Two dollars won't get you much these days: a pack of gum, a bottle of water, a candy bar. And a brand new DVD copy of THE BIBLE BELT SLASHER PT. II: THE HOLY TERROR. "Huh!?!" Yes, you read that right: I bought this flick at a horror convention straight from Brain Damage Films. I guess that shows how much faith they have in their stock. And how much respect I have for myself. "Two bucks!? Sold!" So, is this slasher flick truly a "holy terror"?

It's 1989, one year after Jason Fry (Larry Baumer, who resembles a bargain basement Meat Loaf), a religious fanatic, murders a bunch of people. Fry is put in an asylum. But, guess what? He escapes! And he has his sights set on the relatives of the people he murdered. Only Dr. Ray Landers (writer / producer / director Bradley Creanzo, who looks like a missing member of Kingdom Come) and Rebecca (Taylor Raftree) can stop him. Will Dr. Landers and Rebecca succeed in stopping Fry's reign of holy terror? Or will Fry put the fear of God into them?

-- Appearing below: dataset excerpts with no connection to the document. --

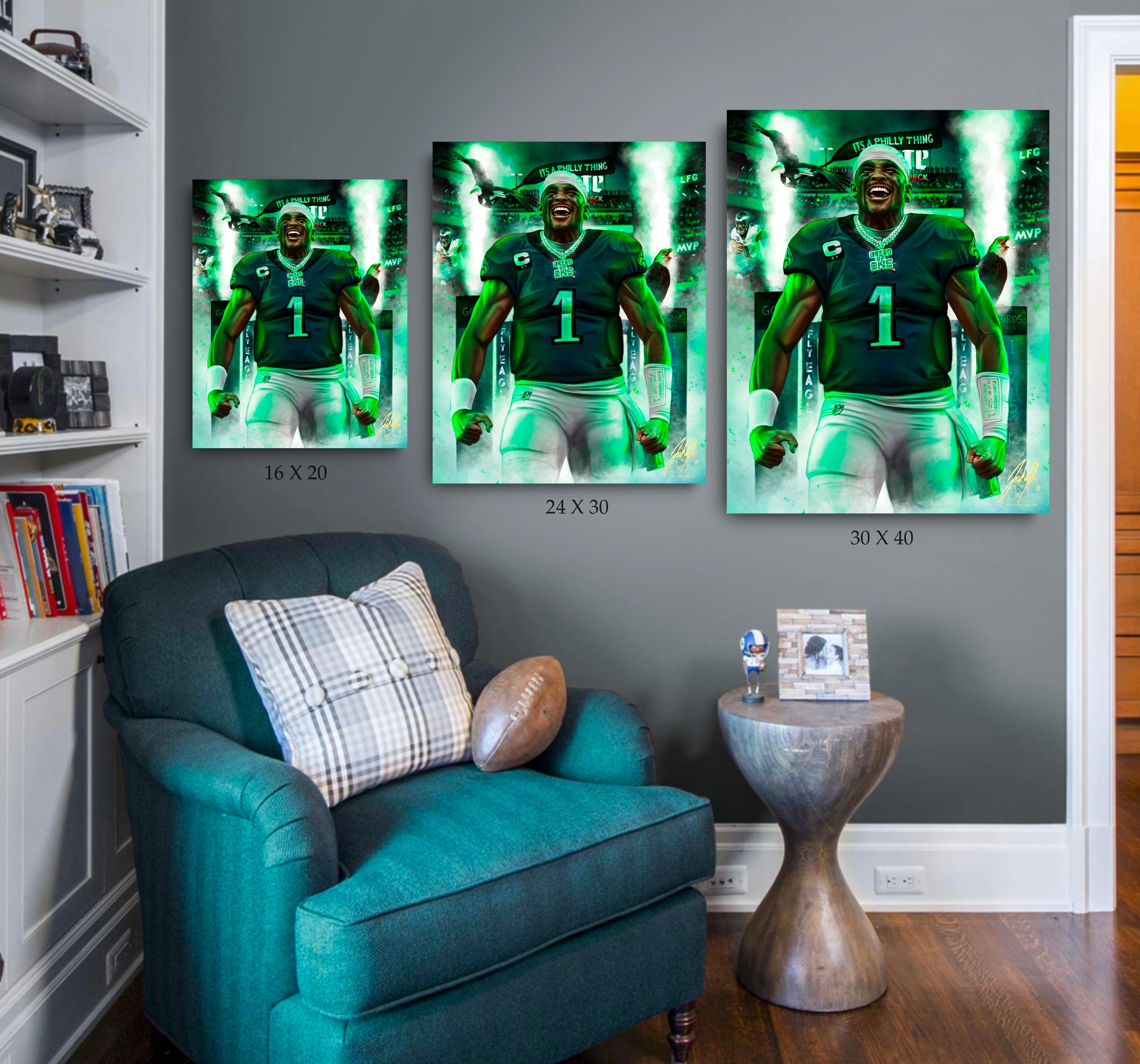 Breed of one, a motto fitting for a player that has proven why he is so unique. Since being drafted by the Philadelphia Eagles very few believed in Jalen Hurts ability to become Philadelphia’s franchise quarterback. I think it’s safe to say now that they were wrong. However, no one could have predicted Hurts becoming this dominant this quickly. Jalen Hurts accomplishments are a testament to what he lives and breathes, hard work. A relentless gym rat, Hurts has shown more improvement in just two years than most players show in their entire career. The leadership, passion, energy, and focus Hurts brings to the Philadelphia Eagles is unmatched. His story and rise to the occasion, the Eagles 2023 MVP, an NFC championship title, and a trip to Super Bowl LVII inspired me to create this.
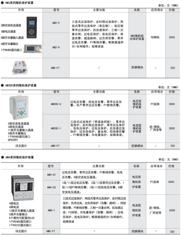 | AM3-I 電流型微機保護裝置 | 進/饋線、廠用變、電動機等 |
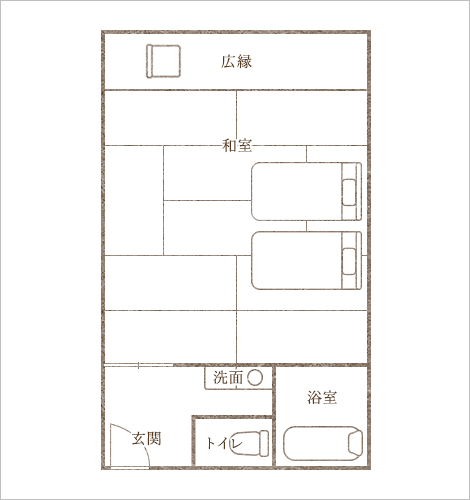 1~3名様 ※3名様でご利用の際はお布団の追加となります。 ※ベッドサイズは970mm×1950mmが2台となります。 |
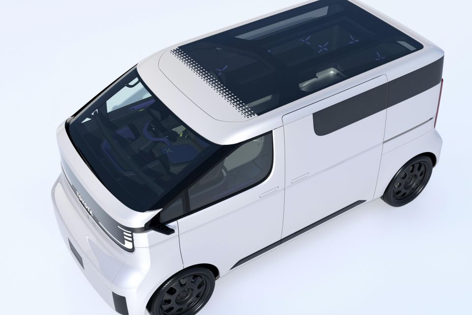 Like a shipping container, the Kayoibako is boxy. The wheels are also pushed out to the far corners of the vehicle.
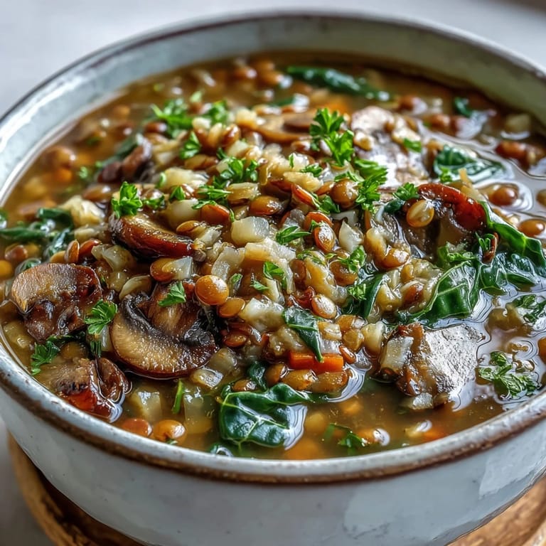 The combination of two different lentils and barley creates a protein-packed meal that keeps you full without weighing you down. Red lentils dissolve into a creamy base while brown lentils stay slightly firm, and the barley adds a chew and substance that makes you feel like you've eaten something real. Collard greens add iron and texture, mushrooms add umami, and suddenly what started as pantry staples becomes nutritionally complete.
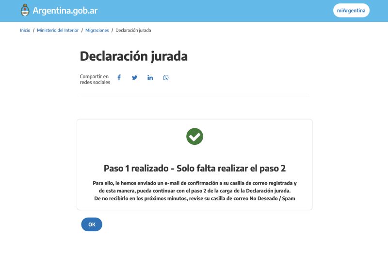 Pero quería mostrar que efectivamente cambiaron parte de la DDJJ que siempre se hace acá https://ddjj.migraciones.gob.ar/app/home.php, pero solo en proceso de carga, no en los requisitos.

First off, a side rant: what is it with Brain Damage Films not indicating ANYWHERE on their DVDs that a film is a sequel? This is the third film from them I've encountered that are sequels to previous flicks that aren't labeled as such. I didn't know it was a sequel until the title appeared, which has PT. II in it. (They are at least kind enough to include the first installment – a short – on the disc.) Brain Damage Films, get your act together! It really isn't hard to indicate sequel-hood! Shit, write it on the cover with a permanent marker for all I care.  Just let me know!

Okay, end rant.

Anyways, THE BIBLE BELT SLASHER turned out to be more fun than I expected. But don't take this as a proclamation that the film is good in the traditional sense. Objectively, it's rubbish. However, that's what makes it good. It's one of those films you just watch and make fun of. Was that what Creanzo was going for? Maybe, maybe not. Either way, bravo and thanks for the laughs.

Now, I know complaining about the acting in a low-budget flick is a bit like complaining about contracting an STD after paying a visit to a Tijuana hooker, but the acting here is stiffer than grandpappy on Viagra. They should have just slapped drawings of the actor's faces on wooden boards, moved them around the set and saved some money. I often found myself saying, "I don't believe you" when actors attempted to sound emotional. However, this delivers plenty of opportunities for laughter - such as when Dr. Landers tells a hospital employee to calm down, but the hospital employee is talking with all the animation and urgency of a person buying an off-brand pair of socks after popping some Valium.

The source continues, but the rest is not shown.